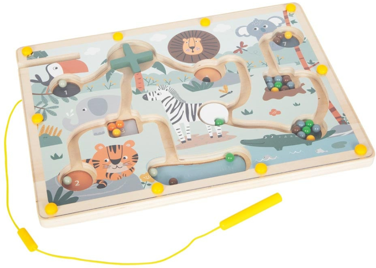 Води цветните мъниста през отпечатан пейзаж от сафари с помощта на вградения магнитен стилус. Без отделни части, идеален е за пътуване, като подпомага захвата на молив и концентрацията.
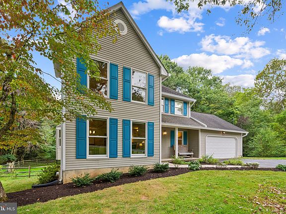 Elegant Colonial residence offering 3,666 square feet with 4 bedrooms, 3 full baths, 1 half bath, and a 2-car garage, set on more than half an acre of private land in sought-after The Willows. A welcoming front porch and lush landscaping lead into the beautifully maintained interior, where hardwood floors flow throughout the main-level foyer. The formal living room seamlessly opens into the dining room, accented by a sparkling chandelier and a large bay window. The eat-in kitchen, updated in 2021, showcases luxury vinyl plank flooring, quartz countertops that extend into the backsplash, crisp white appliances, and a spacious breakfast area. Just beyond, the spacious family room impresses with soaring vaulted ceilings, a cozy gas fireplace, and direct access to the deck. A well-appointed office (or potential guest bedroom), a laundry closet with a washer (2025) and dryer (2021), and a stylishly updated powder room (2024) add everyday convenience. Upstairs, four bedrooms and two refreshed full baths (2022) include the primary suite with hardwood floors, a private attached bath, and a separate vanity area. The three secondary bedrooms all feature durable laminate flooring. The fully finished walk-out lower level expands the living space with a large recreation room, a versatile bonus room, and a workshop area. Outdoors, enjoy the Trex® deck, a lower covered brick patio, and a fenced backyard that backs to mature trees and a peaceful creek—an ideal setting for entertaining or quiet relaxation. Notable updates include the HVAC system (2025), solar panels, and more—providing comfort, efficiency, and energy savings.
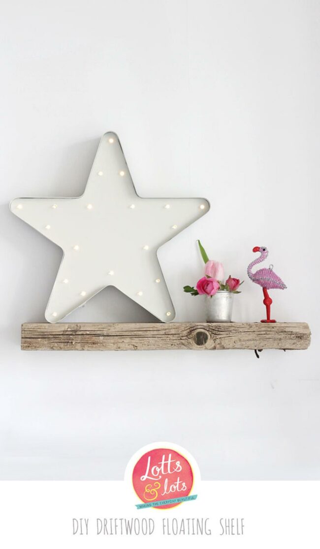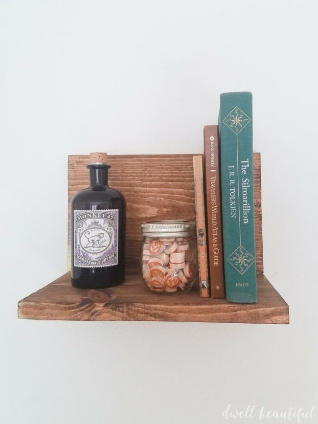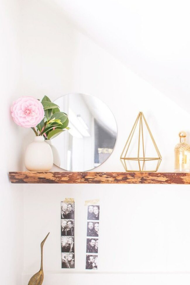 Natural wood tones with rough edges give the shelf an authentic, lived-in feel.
...
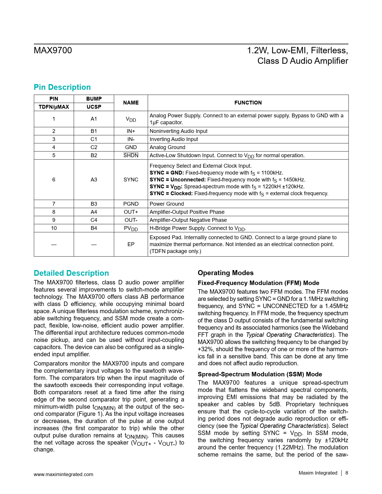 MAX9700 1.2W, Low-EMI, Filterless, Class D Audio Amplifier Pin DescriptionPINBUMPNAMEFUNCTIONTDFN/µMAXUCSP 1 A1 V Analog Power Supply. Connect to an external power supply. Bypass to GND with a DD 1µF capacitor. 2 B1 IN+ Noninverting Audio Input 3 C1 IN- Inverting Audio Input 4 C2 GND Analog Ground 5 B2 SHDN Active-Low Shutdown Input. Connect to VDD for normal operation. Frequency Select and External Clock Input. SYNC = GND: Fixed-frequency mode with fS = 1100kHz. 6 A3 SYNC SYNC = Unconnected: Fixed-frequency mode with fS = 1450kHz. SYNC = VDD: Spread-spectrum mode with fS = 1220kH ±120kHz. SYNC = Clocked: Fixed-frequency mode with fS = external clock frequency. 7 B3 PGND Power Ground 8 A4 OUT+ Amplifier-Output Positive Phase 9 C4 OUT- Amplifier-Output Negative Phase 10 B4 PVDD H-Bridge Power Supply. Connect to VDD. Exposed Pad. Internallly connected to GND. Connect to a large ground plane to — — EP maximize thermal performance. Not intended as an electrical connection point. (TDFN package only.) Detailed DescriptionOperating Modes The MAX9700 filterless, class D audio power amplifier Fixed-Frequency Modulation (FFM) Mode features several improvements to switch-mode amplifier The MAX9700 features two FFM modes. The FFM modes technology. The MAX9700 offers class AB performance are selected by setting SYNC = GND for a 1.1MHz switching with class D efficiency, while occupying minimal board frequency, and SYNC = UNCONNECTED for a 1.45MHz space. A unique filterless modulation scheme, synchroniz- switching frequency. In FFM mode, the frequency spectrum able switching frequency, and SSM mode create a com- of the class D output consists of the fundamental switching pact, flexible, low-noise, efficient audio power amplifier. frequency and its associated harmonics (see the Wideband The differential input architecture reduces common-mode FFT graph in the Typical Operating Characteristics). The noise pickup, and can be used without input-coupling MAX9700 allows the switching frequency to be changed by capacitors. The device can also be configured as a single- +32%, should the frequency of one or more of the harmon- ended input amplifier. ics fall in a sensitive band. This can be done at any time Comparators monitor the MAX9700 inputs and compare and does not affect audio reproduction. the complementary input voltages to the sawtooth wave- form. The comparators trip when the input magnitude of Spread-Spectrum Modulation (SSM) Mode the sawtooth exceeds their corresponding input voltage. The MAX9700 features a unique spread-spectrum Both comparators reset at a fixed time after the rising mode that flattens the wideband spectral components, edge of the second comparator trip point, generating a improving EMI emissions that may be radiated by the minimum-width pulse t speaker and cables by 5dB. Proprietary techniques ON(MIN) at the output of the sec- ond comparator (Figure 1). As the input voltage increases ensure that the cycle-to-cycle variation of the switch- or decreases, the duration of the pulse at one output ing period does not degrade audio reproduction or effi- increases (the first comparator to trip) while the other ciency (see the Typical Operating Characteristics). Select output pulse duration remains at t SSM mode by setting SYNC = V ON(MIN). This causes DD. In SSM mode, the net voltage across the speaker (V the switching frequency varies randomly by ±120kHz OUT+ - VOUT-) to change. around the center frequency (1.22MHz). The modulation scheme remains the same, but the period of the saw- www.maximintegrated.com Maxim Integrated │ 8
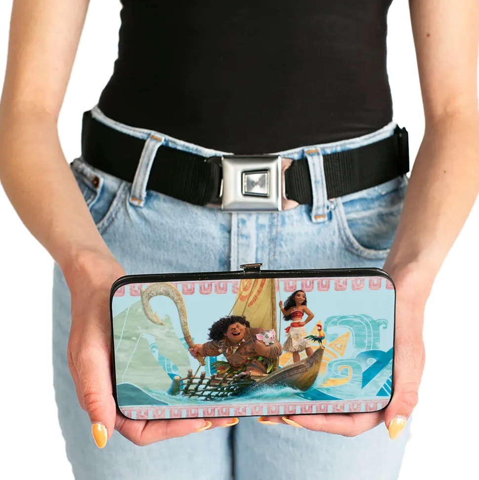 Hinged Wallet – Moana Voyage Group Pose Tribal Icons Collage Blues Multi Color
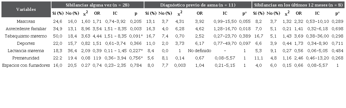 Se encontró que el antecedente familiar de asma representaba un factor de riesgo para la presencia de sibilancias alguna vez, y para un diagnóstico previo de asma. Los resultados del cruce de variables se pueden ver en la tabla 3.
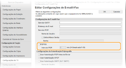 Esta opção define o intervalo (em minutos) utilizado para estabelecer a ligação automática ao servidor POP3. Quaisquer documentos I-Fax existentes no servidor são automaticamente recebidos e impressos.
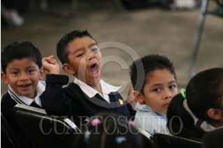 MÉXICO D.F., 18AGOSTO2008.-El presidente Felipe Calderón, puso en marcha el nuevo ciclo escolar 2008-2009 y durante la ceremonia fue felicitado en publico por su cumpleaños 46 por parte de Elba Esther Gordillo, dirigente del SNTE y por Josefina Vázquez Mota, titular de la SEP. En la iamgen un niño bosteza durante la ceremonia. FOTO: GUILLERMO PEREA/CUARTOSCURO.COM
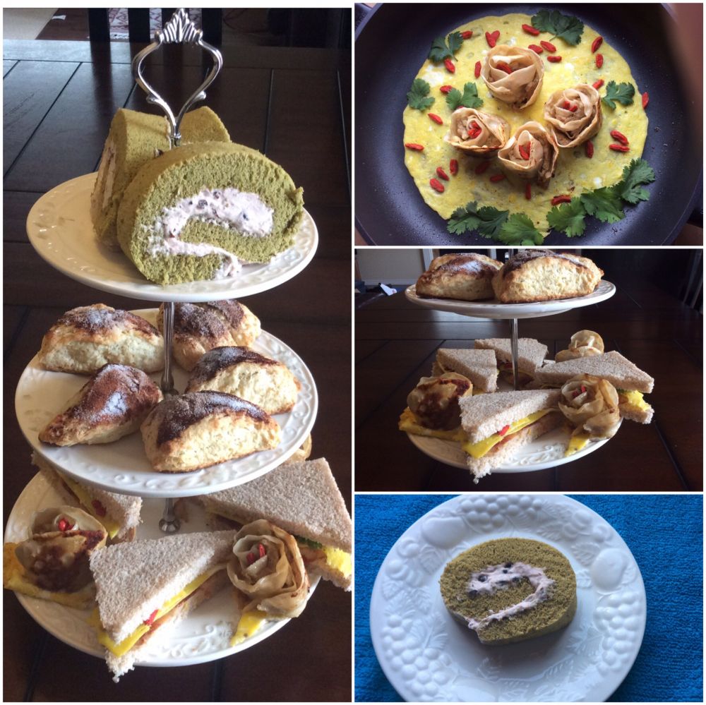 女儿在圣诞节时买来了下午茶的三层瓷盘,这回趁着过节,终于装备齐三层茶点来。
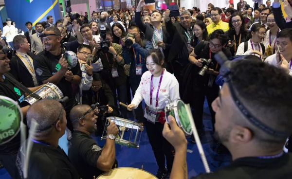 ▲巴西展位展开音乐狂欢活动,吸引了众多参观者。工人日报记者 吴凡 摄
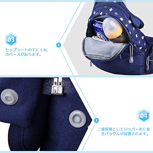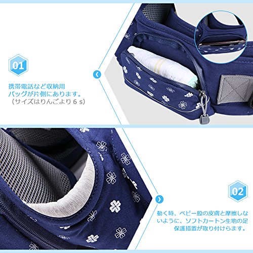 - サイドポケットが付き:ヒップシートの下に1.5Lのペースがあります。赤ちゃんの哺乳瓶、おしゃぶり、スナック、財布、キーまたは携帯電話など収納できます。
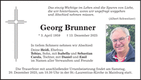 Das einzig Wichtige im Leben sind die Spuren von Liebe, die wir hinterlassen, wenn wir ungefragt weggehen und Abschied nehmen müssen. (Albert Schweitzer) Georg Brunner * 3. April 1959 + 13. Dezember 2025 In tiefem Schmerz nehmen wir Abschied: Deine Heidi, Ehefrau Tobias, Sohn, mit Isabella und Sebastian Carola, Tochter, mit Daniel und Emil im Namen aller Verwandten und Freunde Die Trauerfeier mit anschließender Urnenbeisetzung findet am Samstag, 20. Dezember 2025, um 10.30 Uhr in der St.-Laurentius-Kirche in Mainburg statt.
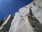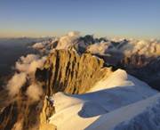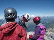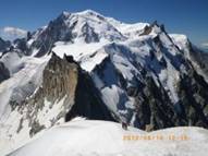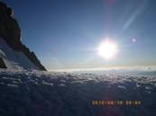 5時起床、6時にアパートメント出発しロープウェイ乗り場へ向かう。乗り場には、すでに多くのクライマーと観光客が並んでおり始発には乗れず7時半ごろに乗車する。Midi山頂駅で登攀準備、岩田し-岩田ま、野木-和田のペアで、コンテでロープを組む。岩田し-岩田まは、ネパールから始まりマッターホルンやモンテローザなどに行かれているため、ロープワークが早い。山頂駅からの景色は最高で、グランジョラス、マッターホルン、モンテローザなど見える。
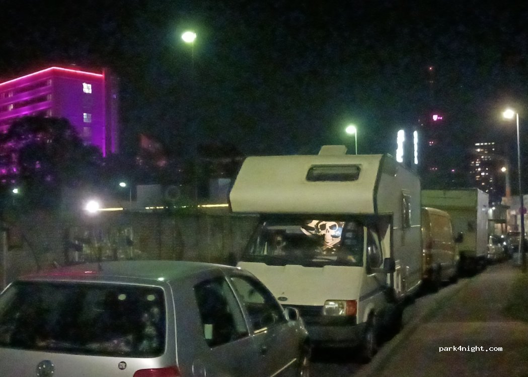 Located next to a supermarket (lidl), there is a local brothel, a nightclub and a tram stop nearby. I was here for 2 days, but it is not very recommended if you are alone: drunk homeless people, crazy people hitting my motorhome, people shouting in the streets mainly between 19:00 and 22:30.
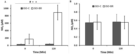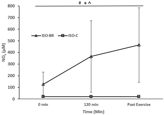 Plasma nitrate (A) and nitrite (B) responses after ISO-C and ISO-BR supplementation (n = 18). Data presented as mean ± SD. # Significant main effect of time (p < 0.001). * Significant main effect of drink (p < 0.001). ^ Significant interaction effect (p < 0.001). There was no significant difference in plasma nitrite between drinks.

■ What to do
A clean copy is needed of the lines above from the one with "Hinged Wallet –" up to and including the one with "Esta opção define". Please set it down exactly, with no pictures.

■ Answer box
 Hinged Wallet – Moana Voyage Group Pose Tribal Icons Collage Blues Multi Color
 Se encontró que el antecedente familiar de asma representaba un factor de riesgo para la presencia de sibilancias alguna vez, y para un diagnóstico previo de asma. Los resultados del cruce de variables se pueden ver en la tabla 3.
 Esta opção define o intervalo (em minutos) utilizado para estabelecer a ligação automática ao servidor POP3. Quaisquer documentos I-Fax existentes no servidor são automaticamente recebidos e impressos.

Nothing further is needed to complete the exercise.